投資とは、企業や経済の成長のために今使わないお金を貸してあげること
投資を悪いイメージのまま行うのはあまり気持ちいいことではありません。私は確定拠出年金の投資教育に携わっていますが、1,000万人の現役世代が、投資を悪いことだと思いながらお金を回しているのだとしたら、もったいないことだと思っています。
投資は(いろいろなスタイルがあることは承知の上ですが)、今あなたが使わないお金を、企業や経済の成長のためにあなた以外の誰かに使ってもらうことです。
株式や債券を保有する(あるいはそれらが含まれる投資信託を保有する)ことは、あなたのお金を企業や国、地方自治体などにいったん預けて活用してもらうことです。
企業であれば、新商品の開発や生産、広告宣伝などの費用を確保することになります。国や地方自治体であれば、国内産業の発展や地元企業の成長のためにその資金を先取りして使うことができます。税収を得てから道路や企業団地をつくるようでは、成長の遠回りをしているようなものです。

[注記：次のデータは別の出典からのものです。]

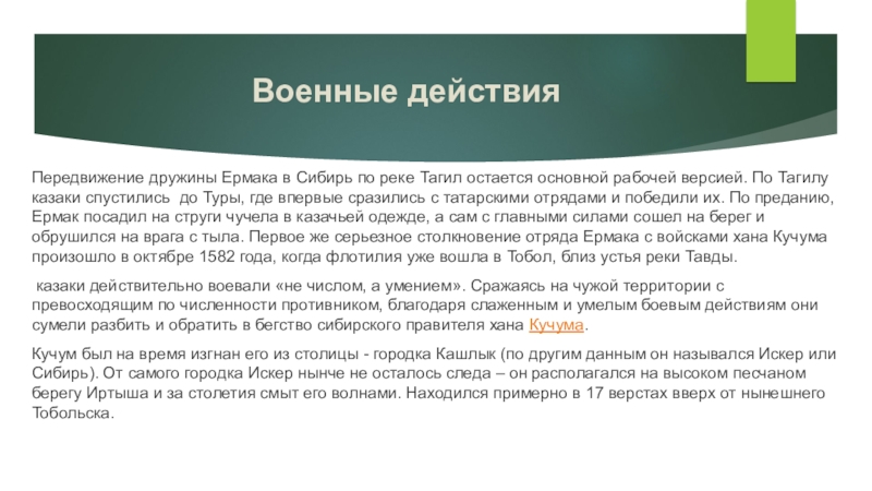 казаки действительно воевали «не числом, а умением». Сражаясь на чужой территории с превосходящим по численности противником, благодаря слаженным и умелым боевым действиям они сумели разбить и обратить в бегство сибирского правителя хана Кучума.

あなたがもらえるリターンの源泉は、企業や社会の成長そのものです。どんな企業も衰退したいと思って事業展開をしているわけではありませんし、長期的にみれば社会全体は成長していきます。
企業の成長は社会の豊かさとあいまって促され、そこから私たちが投資で受け取るキャピタルゲイン(株式売却益)やインカムゲイン(配当)が生まれます。
この20年、こんなに私たちは豊かになっている
よく、「日本は豊かになっていない」といわれます。でもそれは本当でしょうか。
モノの値段が上がらず、むしろクオリティーが上がっているとしたら、そこにはとてつもない企業努力が隠されているはずです。それはファッションブランドの新作ウエアであったり、ファミリーレストランの人気メニューであったり、100円ショップのとても便利な新商品であったりします。
あるいは、まったくの新しいイノベーションが私たちを便利にしてくれることもあります。いまでは身近なスマートフォンやタブレット端末も、実は2000年には存在しなかったテクノロジーです。
テレビはアナログから地上デジタル放送になり、タブレットを使ってどこからでもドラマやアニメを見られます。音楽も同様です。
便利なEC(電子商取引)サイト、株式などをインターネット経由で取り引きする「オンライントレード」、SNS(交流サイト)などの情報サービスも、実用的なものとして私たちの生活を支え始めたのはまだ10年くらい前のことです。
さらに前世紀を20年ほどさかのぼれば、固定電話しかなく、パソコンもなく(仕事は全部紙でやる)、独身暮らしの部屋は風呂もトイレもない木造でした。
私たちは徐々に豊かになっていくのでピンときていないのですが、間違いなく「数十年前よりも豊か」になっています。
そしてそれこそが、経済の成長であるわけです。